Data were summarized and analysed using (SPSS) version 23. We used frequency tables, means and standard deviation (SD) to describe the values. One-sample Kolmogorov-Smirnov Test was used to test the distributions of variables. Unpaired T. Test was used for normally distributed variables and Mann Whitney U test for non-normally distributed ones.
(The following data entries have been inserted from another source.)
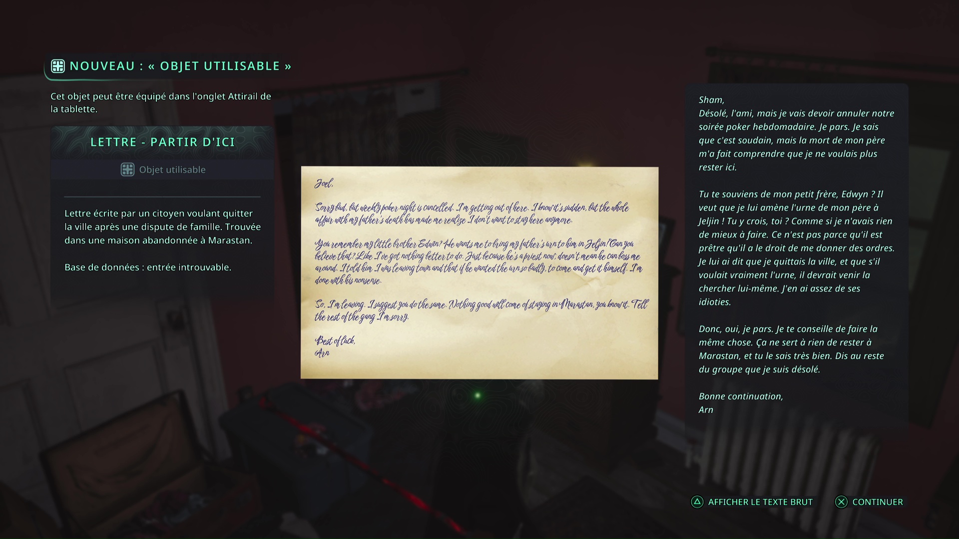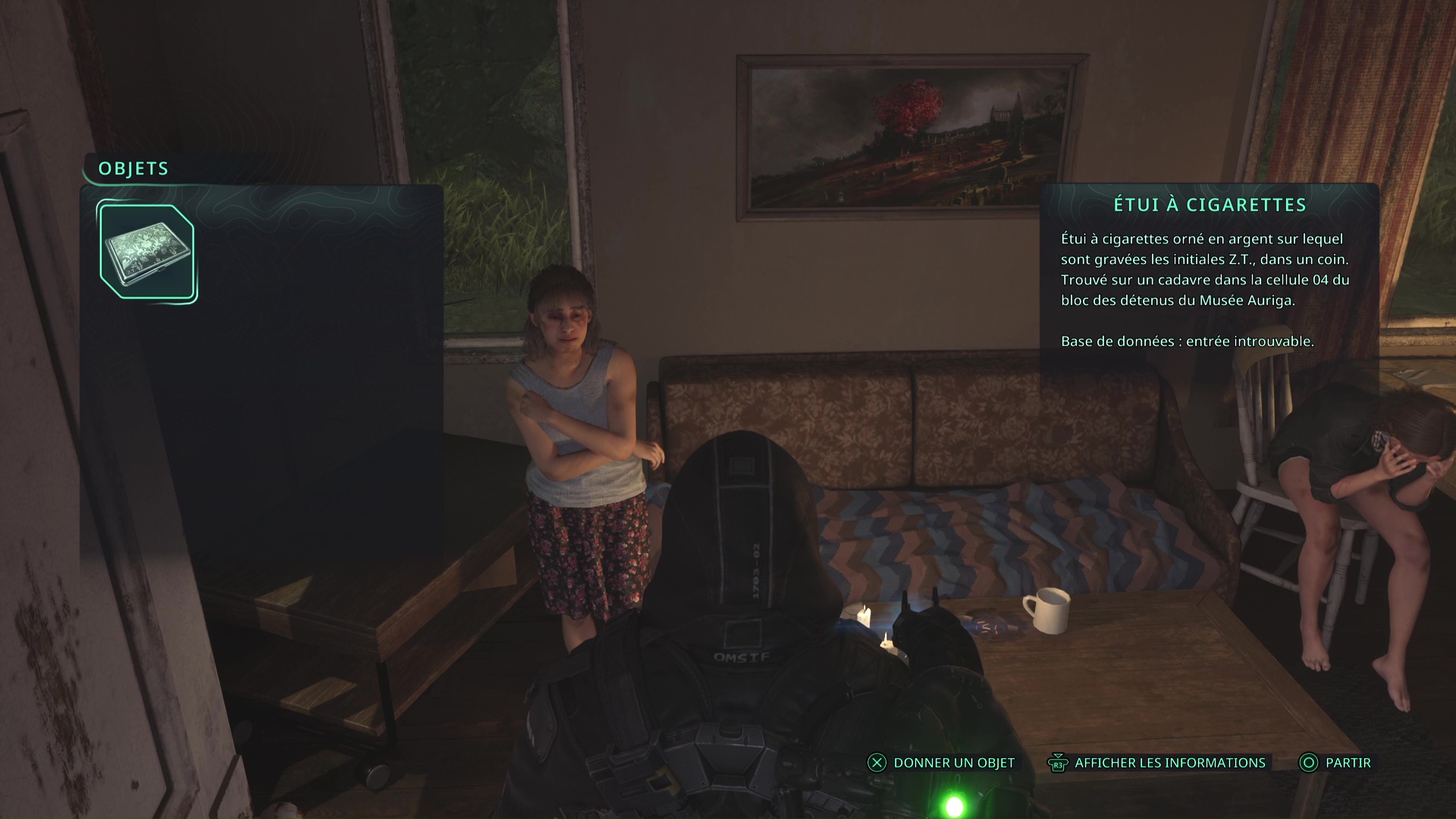 En ce qui concerne l’Etui à cigarettes, rendez-vous à Marastan, à la maison bleue près de la route. Si vous avez complété la bonne action « Les limbes de l’enfer ». La maison sera déverrouillée et les survivantes de la grange seront à l’intérieur. Montrez l’étui à Elzina Tibor, et elle apprendra ainsi le destin funeste de Ziad.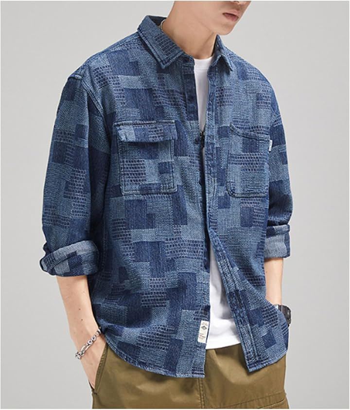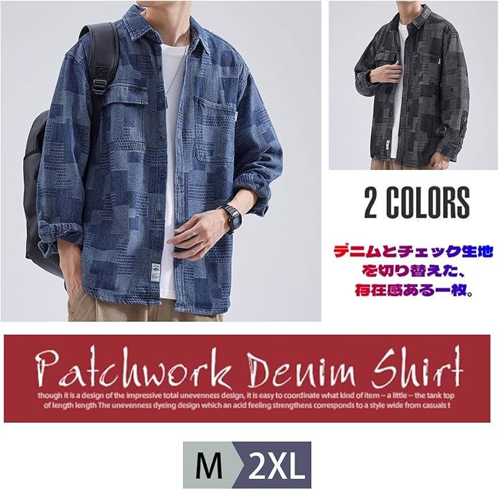 パッチワークデザインがお洒落なデニム風シャツ。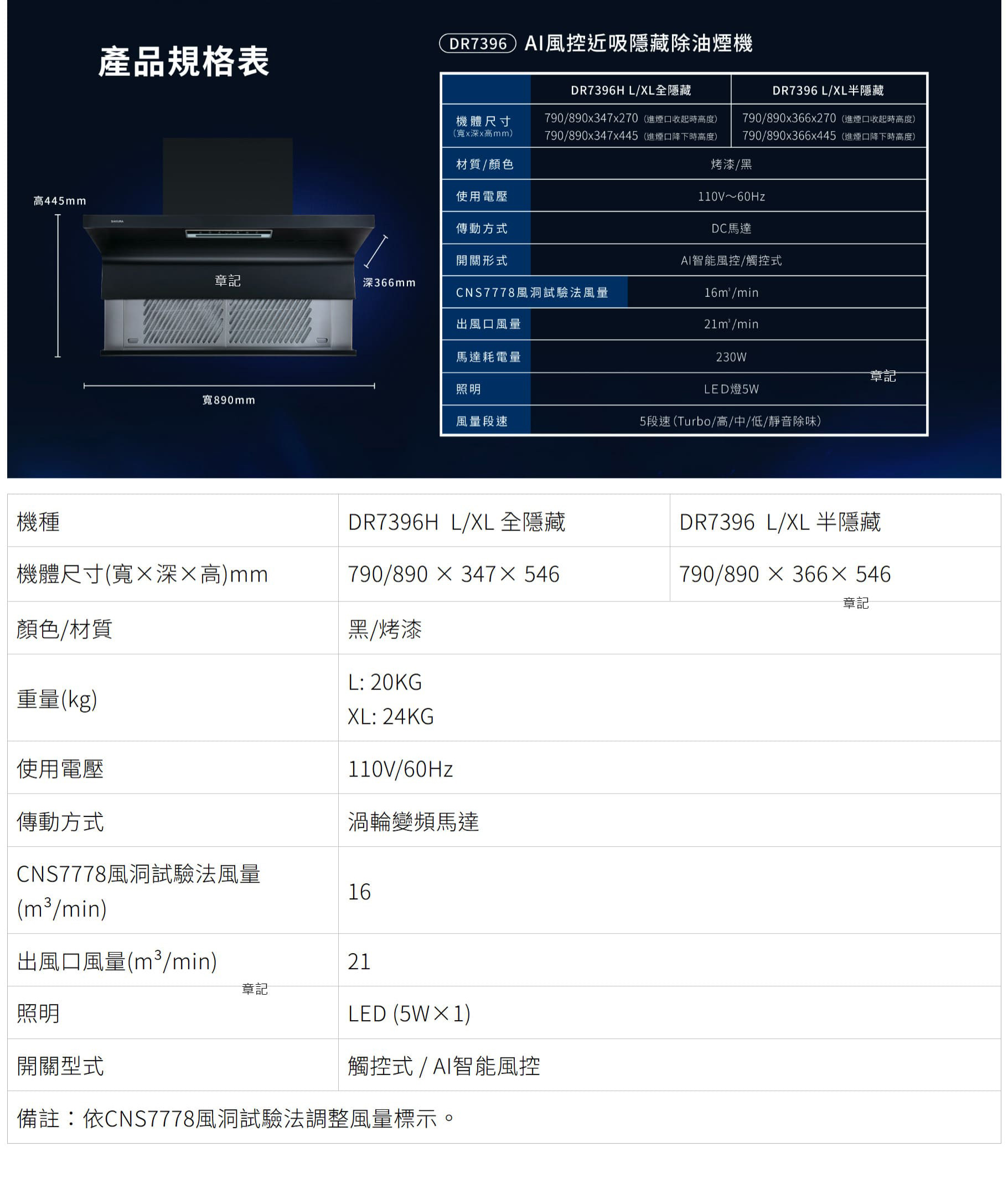 櫻花牌(SAKURA)渦輪變頻 AI風控半隱藏除油煙機(80/90cm) DR7396L_DR7396XL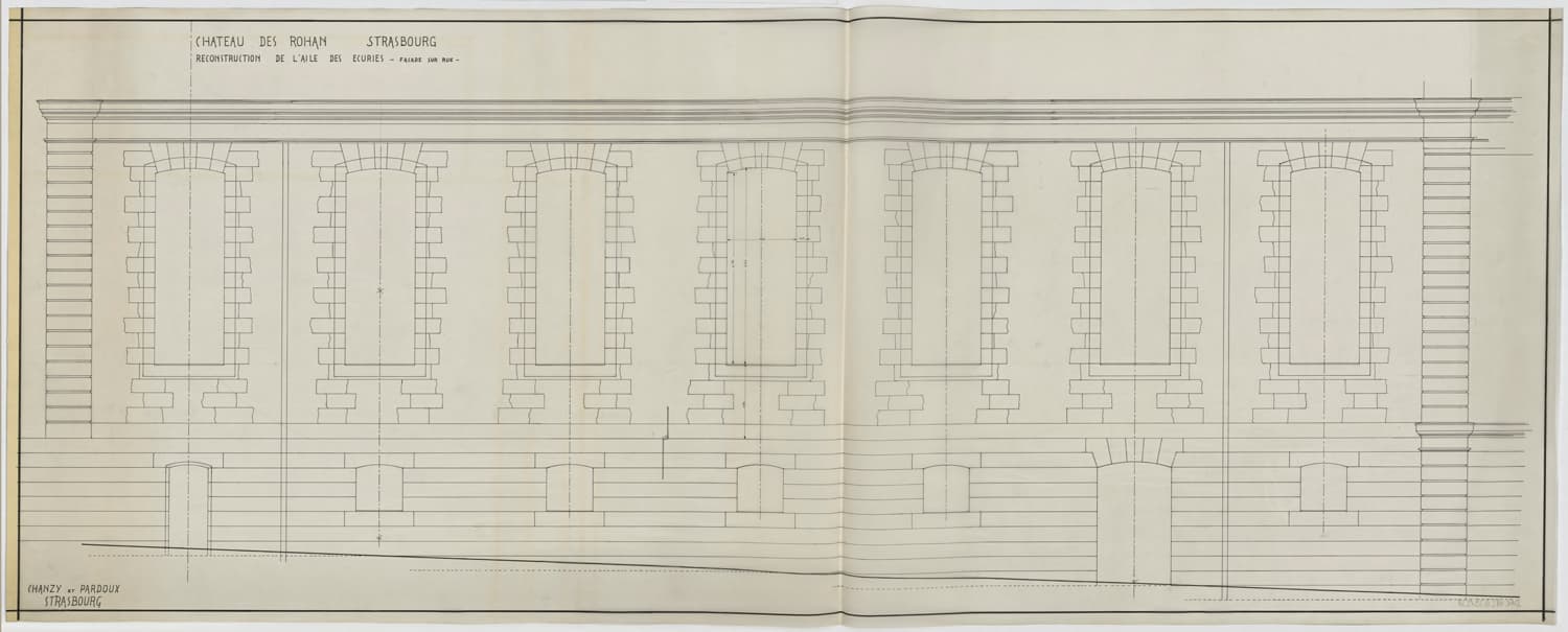 Reconstruction de l’aile des écuries, élévation de la façade sur rue.

A correlation analysis was applied to investigate the relation between study variables. p- value ˂ 0.05 was considered as statistically significant cut off point.

Study was ethically approved from Institutional Review Board (IRB) of Al Neelain University. Informed written consents were obtained from participants after explaining the purpose, procedures and measurement needed for the study.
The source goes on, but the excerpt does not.